Question

In: Economics

Explain how the unethical behavior and actions of Bernie Madoff and his associates lead to the...

Explain how the unethical behavior and actions of Bernie Madoff and his associates lead to the bilking investors out of billions of dollars.

Who do you hold accountable for the Bernie Madoff affair? Please explain your answer.

How could business and regulatory practices be modified to prevent another tragic Ponzi scheme similar to the Madoff affair?

Explain your viewpoints on how the Security Exchange Commission managed the investigations in Bernie Madoff’s investment company.

Provide your thoughts and opinions on Bernie Madoff’s jail sentence of 150 years.

Solutions

Expert Solution

1. On March 12, 2009, Bernie Madoff pled guilty to the largest Ponzi scheme in history. He successfully swindled investors out of $65 billion. Ponzi schemes rely on a single person or group to coordinate every aspect of the fraud. To keep the scam going, the masterminds behind the plan convince numerous victims that they’re investing in a legitimate fund that promises great returns. Madoff set up his portfolios to look like he was matching the returns of the S&P 500. This strategy prevented him from needing to pay too much to existing investors, but it still made his purported holdings appeal to new targets. And he remained under the radar by doing everything he could to keep his scheme low key. He targeted specific, elite groups of investors, keeping his victims close and the SEC off his back. He also stayed off the grid by keeping his paperwork up to date and consistent. While most other Ponzi schemes operate by giving out large returns and then collapsing, Madoff was able to tread water with his smaller returns and keep his scam going for years.

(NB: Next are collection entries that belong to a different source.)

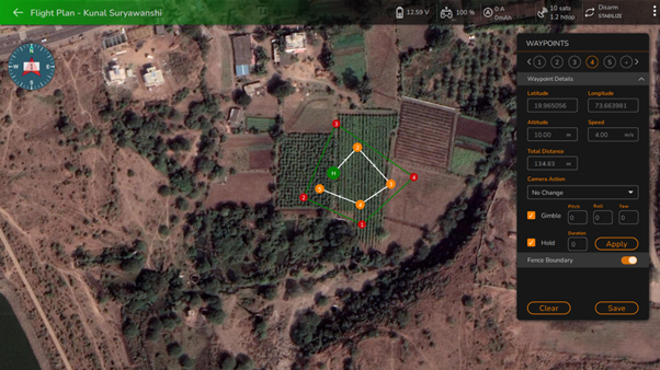 As the user draws the fence around the waypoint plan by clicking at the location on the map, it will be added in green color around the waypoints, as shown in the following screen.
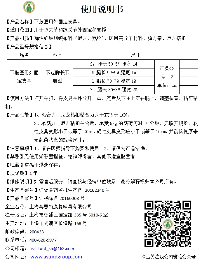 奥思特 J下肢医用外固定支具 不包脚长下肢型:S、M、L、XL
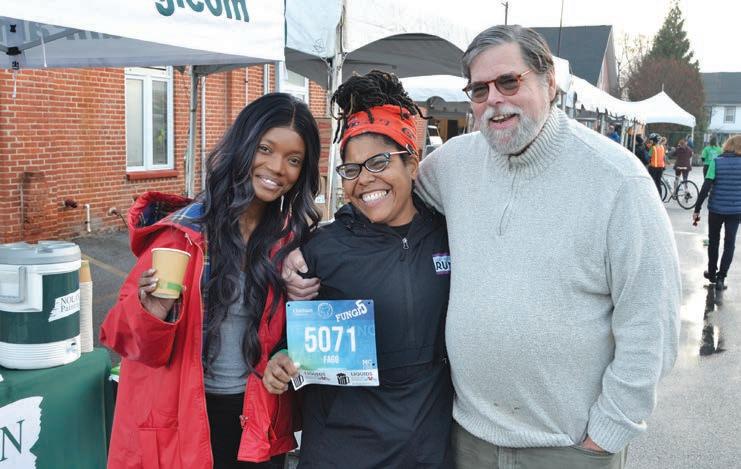 Photo by Richard L. Gaw Amanda Godley-Porto of Lancaster – shown here receiving support from her husband, Mike and their son – was one of nearly 1,000 competitors at the 10th Mushroom Cap Half Marathon, held Nov. 8 in Kennett Square. For a story and additional photos of the race, see Page 1B.
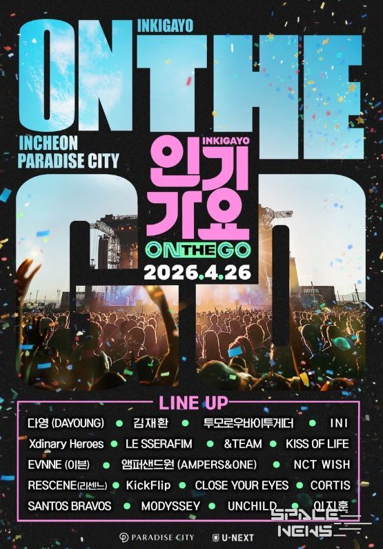 오는 4월 26일(일) 인천 파라다이스시티에서 개최되는 ‘인기가요 ON THE GO’는 SBS 대표 음악 프로그램 ‘인기가요’의 스페셜 공연 프로젝트로, 기존 스튜디오 중심의 음악 방송을 넘어 팬들이 있는 곳으로 직접 찾아가는 콘셉트로 기획됐다. 생방송 현장의 에너지와 공연의 몰입감을 결합한 새로운 형태의 K-POP 공연으로, 아티스트와 관객이 더욱 가까이 호흡하는 특별한 경험을 선사할 예정이다.
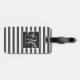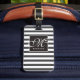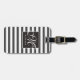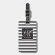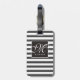 Étiquette À Bagage Monogramme de script rayé gris et blanc classique
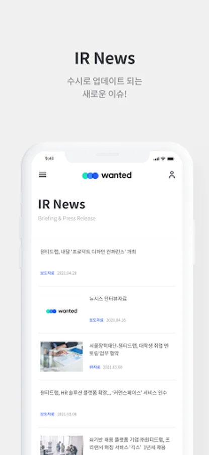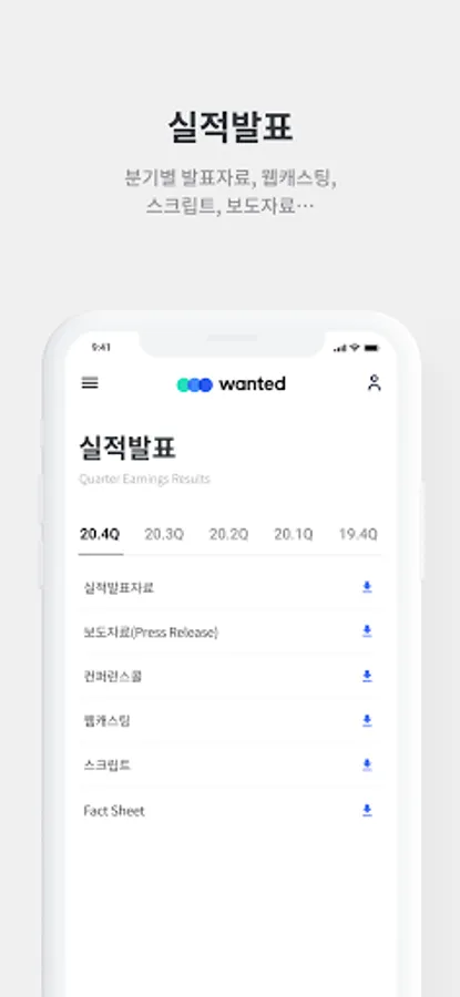 This app is an application that provides IR information of Wanted Lab. It provides the latest IR information such as IR schedule, quarterly earnings release data, various IR news, major management reports, financial information, disclosure, and IR contact information.
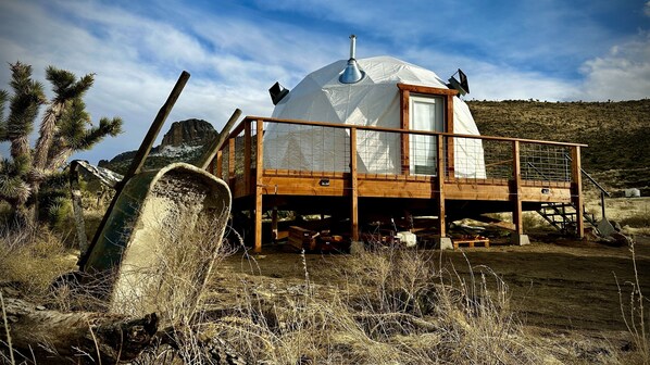 Enchanting Geodesic Dome with Mountain Views and natural desert surroundings.

2. Stanley Chais, a philanthropist who invested heavily with Mr. Madoff, and Carl J. Shapiro, one of the money manager's oldest friends, were among at least eight Madoff investors and associates being scrutinized by the U.S. attorney's office in Manhattan. Others include: Frank Avellino, a Florida accountant who ran an investment fund that invested client money; Noel Levine, a real-estate investor who works out of a two-room office on the 17th floor, next door to Madoff's fraudulent investment operation, and Palm Beach investor Robert Jaffe, a son-in-law of Mr. Shapiro who referred potential investors to Madoff.

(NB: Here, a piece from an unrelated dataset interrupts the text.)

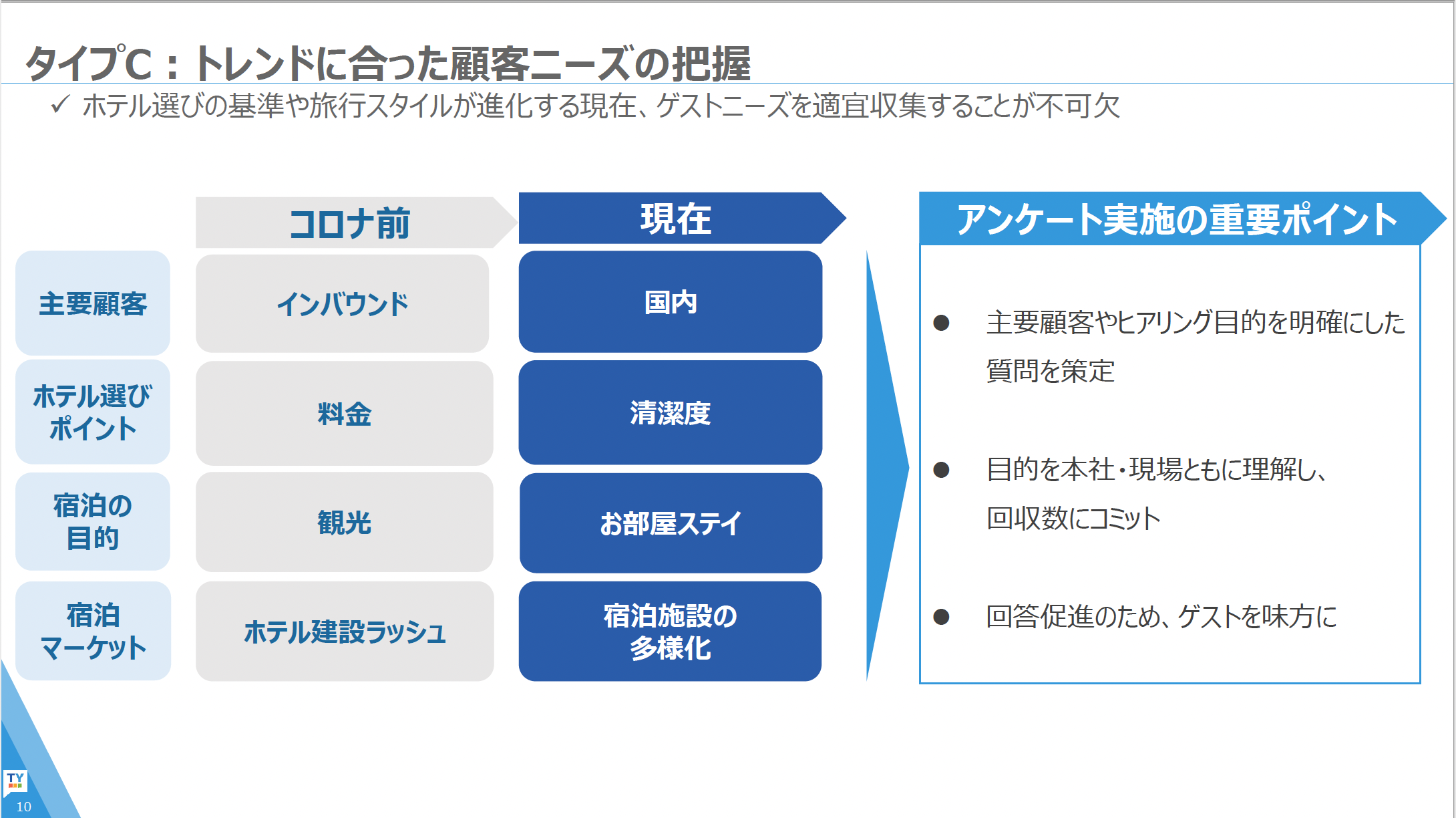 社会ニーズの変化に伴い、新しい顧客ニーズが出てきています。コロナ禍におけるホスピタリティ業界の主な変化としてゲストタイプの変化(インバウンド→国内)がありました。また、消費者のホテル選びのポイントとして、“コストパフォーマンス重視”から“安全性、清潔度の重視”へと変化しました。現在は旅のスタイルも、観光地中心ではなく、宿泊施設での宿泊体験がより重視される傾向も見られます。

3. It is very important to regulate a ponzi scheme so that there are no frauds going ahead, both the government and individuals need to consider the below:

a. Know what the risk of investment is and there should be no fraudulent activities.

b. All the investments need to be following all the rules and regulations laid down, if there is any deviation a scrutiny should be undertaken.

c. If there are any whistle blowers this needs to be taken very seriously by the regulators.

4. The alleged fraud went undetected for decades despite numerous warnings, red flags and a general sense behind closed doors on Wall Street that something wasn't quite right. A whistle-blower alerted the Securities and Exchange Commission but this was ignored as well, Madoff's firm wasn't even registered as an investment advisor until 2006. The SEC never examined it as an investment advisor, despite the fact that with $50 billion it would have been among the biggest hedge funds. Finra also failed to come up with the fraud, despite regular exams of Madoff's broker dealer.

5. The guilty charge of 150 years was prompt and apt considering the fraud and the money investors lost due to this ponzi scheme, It will also lead to fear in the mindset of the other people who may be even thinking of committing such a fraud.